**Task item**
The word "shows" may appear in some lines of the data; copy every such line.

Exercise data Block Start

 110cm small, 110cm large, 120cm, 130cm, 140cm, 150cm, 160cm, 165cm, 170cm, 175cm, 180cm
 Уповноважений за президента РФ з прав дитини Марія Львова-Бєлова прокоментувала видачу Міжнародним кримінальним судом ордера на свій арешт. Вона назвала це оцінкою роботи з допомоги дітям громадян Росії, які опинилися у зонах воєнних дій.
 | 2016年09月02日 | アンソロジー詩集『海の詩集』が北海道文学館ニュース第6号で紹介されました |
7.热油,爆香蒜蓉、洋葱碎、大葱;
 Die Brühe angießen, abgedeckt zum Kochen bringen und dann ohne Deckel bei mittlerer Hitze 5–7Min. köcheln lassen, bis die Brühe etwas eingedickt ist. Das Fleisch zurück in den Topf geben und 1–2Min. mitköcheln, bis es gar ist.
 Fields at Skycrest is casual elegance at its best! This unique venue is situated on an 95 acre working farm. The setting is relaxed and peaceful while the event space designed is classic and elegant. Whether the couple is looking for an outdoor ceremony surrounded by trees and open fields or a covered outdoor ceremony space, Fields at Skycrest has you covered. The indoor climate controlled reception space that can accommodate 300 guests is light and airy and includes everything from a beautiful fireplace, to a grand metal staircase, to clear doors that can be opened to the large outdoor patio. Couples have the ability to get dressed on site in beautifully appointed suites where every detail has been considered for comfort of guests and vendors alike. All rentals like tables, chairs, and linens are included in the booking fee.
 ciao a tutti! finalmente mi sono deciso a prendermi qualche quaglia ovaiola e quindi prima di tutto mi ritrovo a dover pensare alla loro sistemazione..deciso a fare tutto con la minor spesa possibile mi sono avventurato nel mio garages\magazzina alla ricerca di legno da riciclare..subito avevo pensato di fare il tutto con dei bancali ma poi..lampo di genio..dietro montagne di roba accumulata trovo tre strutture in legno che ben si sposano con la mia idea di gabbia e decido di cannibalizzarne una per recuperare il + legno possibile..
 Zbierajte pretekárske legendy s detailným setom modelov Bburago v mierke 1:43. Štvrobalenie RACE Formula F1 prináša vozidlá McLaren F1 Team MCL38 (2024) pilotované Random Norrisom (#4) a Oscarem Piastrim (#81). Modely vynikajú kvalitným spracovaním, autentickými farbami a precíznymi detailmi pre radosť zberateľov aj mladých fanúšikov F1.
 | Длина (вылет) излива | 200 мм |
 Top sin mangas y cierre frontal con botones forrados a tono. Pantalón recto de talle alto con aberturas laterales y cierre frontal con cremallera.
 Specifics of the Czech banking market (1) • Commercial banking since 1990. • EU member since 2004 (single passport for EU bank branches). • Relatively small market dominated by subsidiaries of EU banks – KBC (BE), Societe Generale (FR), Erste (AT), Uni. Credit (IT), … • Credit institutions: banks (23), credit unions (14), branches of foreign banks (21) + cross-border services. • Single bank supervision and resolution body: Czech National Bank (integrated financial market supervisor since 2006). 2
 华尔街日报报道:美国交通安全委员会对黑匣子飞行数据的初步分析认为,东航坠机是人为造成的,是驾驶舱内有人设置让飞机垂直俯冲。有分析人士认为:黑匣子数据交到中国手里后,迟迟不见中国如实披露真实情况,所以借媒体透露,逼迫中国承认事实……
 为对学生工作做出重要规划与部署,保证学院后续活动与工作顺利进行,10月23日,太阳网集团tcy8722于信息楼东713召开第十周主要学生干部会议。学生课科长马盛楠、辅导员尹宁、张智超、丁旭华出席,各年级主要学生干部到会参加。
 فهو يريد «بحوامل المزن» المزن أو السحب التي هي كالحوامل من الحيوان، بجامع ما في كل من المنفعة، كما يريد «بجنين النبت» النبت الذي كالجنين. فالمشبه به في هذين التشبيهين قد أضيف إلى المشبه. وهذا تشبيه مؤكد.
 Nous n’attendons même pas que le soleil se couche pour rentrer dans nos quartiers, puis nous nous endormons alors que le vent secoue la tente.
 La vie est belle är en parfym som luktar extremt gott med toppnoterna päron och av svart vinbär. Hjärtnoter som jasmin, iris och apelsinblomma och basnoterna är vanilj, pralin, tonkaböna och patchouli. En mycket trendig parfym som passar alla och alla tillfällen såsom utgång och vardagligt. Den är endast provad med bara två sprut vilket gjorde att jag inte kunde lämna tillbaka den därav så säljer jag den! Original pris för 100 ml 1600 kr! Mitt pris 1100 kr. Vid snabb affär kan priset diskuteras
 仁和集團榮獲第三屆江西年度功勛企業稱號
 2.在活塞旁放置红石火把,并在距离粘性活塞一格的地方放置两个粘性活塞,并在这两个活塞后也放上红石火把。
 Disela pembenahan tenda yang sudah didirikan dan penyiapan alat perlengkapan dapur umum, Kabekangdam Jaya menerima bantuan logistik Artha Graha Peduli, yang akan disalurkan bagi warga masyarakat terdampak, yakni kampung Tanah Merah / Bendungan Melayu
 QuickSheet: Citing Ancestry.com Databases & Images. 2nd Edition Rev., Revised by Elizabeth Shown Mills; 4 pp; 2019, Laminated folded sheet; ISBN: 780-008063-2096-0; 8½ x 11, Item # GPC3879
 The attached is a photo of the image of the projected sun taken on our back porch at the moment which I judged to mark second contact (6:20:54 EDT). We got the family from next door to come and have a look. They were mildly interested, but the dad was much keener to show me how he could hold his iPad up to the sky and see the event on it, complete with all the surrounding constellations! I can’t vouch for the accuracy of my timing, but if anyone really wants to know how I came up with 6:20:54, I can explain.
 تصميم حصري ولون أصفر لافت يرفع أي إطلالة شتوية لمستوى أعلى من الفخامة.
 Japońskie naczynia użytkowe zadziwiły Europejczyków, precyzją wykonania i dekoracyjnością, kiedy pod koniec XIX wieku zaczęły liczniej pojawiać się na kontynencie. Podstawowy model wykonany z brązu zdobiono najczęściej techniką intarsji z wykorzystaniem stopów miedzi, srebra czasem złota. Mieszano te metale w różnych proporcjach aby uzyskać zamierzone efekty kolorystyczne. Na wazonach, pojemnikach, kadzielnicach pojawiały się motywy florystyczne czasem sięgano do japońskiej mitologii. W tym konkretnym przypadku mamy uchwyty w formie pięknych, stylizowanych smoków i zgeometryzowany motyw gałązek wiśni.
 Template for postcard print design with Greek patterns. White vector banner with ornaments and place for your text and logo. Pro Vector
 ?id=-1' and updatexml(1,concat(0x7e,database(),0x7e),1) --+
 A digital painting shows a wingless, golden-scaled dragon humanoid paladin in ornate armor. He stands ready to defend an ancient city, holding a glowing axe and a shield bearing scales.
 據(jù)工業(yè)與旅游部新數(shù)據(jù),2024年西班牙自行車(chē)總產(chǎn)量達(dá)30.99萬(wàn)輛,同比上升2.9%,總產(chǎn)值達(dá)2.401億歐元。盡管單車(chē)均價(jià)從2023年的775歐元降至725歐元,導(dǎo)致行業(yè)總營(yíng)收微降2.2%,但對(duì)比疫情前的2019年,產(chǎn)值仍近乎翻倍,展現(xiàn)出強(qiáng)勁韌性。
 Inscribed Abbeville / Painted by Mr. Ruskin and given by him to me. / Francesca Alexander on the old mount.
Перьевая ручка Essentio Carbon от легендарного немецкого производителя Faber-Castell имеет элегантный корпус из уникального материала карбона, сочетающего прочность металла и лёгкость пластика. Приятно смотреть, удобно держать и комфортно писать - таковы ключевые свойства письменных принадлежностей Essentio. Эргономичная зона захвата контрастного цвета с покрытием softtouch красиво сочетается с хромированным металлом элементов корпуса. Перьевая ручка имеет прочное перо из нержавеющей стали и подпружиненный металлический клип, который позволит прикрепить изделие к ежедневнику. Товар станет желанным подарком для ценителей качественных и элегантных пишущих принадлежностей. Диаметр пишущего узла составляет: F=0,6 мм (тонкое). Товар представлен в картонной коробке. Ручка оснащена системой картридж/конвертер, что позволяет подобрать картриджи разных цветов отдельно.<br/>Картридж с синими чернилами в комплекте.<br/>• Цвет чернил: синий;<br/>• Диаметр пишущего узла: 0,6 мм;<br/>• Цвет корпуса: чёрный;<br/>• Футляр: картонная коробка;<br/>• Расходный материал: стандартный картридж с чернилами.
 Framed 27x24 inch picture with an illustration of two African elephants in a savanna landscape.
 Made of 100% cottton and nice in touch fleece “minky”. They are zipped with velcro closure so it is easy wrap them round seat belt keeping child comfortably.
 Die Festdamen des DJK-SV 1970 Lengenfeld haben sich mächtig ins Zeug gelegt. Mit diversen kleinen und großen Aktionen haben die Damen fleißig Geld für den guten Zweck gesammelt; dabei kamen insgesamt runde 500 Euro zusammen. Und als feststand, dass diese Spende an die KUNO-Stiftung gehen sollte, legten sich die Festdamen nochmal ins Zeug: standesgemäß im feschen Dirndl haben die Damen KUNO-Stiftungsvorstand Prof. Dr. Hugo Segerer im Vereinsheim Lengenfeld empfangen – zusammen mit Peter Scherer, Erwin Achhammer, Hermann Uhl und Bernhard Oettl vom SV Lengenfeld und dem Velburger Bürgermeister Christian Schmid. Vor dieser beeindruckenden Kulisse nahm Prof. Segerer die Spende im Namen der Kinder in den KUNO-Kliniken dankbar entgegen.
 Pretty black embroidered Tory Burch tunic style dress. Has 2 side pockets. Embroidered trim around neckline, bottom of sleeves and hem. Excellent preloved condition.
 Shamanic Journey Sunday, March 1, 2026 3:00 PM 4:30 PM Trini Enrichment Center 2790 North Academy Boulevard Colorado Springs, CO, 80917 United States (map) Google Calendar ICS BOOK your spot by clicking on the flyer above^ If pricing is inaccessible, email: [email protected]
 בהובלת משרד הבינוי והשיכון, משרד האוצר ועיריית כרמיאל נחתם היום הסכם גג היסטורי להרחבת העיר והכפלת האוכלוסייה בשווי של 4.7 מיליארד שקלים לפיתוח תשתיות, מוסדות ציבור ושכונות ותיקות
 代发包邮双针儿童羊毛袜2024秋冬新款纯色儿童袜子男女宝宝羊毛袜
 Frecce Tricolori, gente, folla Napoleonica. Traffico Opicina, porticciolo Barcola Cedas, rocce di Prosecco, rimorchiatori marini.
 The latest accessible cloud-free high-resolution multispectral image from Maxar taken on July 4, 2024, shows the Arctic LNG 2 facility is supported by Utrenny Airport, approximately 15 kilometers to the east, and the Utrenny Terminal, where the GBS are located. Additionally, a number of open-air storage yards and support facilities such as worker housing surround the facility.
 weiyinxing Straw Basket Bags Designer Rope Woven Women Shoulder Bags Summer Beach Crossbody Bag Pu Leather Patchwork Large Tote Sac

Exercise data Block End

**Solved problem**
 A digital painting shows a wingless, golden-scaled dragon humanoid paladin in ornate armor. He stands ready to defend an ancient city, holding a glowing axe and a shield bearing scales.
 The latest accessible cloud-free high-resolution multispectral image from Maxar taken on July 4, 2024, shows the Arctic LNG 2 facility is supported by Utrenny Airport, approximately 15 kilometers to the east, and the Utrenny Terminal, where the GBS are located. Additionally, a number of open-air storage yards and support facilities such as worker housing surround the facility.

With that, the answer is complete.